The exhibit opened late but it is not something I don't expect. After all, it is a tradition, if not an SOP, for dignitaries and special guests to arrive late. The program was however, forced to start when it started to drizzle.

I imagined the exhibit to be like browsing through the Architecture Travel forum in pushpullbar where you learn about architecture/buildings textbook-wise and, at the same time, get the feel of it from the point of view of the poster. The pushpullbar forum requires all posters to provide background about the building/architecture featured so readers won't be lost as to what is being featured in the post. Some posters would quote a page off wikipedia (properly acknowledged of course) but because people from this site are so good, they would, more often than not, add a trivia or two, a stock knowledge here and there and the background information becomes a very interesting read.

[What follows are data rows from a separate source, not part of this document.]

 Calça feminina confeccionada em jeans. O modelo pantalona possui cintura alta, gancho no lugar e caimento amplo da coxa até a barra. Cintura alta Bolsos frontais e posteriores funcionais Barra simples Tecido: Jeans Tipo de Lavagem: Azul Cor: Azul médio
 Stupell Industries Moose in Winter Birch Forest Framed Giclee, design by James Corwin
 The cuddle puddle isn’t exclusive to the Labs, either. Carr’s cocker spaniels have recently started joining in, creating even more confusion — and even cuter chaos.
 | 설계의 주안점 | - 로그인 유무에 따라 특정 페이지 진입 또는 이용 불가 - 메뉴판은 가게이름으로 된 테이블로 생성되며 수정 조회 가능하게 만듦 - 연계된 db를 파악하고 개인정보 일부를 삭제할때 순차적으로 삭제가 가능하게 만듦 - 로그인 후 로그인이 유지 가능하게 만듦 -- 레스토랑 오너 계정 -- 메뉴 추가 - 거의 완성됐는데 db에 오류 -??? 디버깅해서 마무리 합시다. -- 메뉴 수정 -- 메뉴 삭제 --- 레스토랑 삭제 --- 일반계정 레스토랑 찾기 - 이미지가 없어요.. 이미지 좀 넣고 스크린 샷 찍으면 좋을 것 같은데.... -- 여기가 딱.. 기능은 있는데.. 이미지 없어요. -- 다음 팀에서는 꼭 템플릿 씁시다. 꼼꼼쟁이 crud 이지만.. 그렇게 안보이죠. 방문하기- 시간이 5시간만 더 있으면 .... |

Posters are also required to provide other details such as the address, opening hours, contact details, a KMZ file of the building (and if the poster isn't able to do so, pushpullbar has its own "specialist" to do that, how convenient!). The most interesting chapters in the posts are the photos. They don't even need to be Architectural Digest material type of photos. Posters here make it a point that the photo documentation would be close, if not equivalent, to their own personal experience while visiting the building. Alongside the photos which the poster took, s/he would oftentimes discuss his/her own impression of the architecture and compare what the books said and what his own senses now tell him, standing in front of this...thing. Reading through the posts is like being inside a gallery.

I'm not saying that this should be done by everyone who wants to document a building but believe me, reading about architects being chased by bouncer type security is enough to debunk the black-turtle-neck-le-corbusier-glasses-wearing-scholarly-looking myth on architects. And these things, these pieces of trivia (but not trivial information), these field notes, made the building more "human" to me, a non-architect. And I suppose this is what the exhibit wanted to do, also. Only that it failed.

What made it fail, really? Well, let us see.

First is that we didn't get to see architecture travel type of posts. But I should be entirely blamed for that – for the very high expectations. What we found were blown-up pages from what seemed to be an annual report/national artists brochure: black and white posters with low-res photographs of an angle/corner of the building, watermarked with things I can't recall.

Second, some printed posters were described using the same captions. Yes, poster #1 or Featured Architect A had the same caption as the three other succeeding posters and this to me made it a total FAIL. Imagine a Davies brochure given out during product presentation. That's how the whole thing looked to me.

I am disappointed by the exhibit. I don't think the exhibit was inspiring enough to make architecture enthusiasts want to grab a book and read about the architects featured in the exhibit. Most of them would probably forget about it the moment they step out of the museum and I don't think that is a good sign. After all, they have had their pictures taken beside those posters, in the very small museum gallery that for a good minute or so suddenly turned into one humid photo studio.

I cringed.

It doesn't really make me wonder now why so many people think the houses in Savannah are good architecture. But you architects should. You should.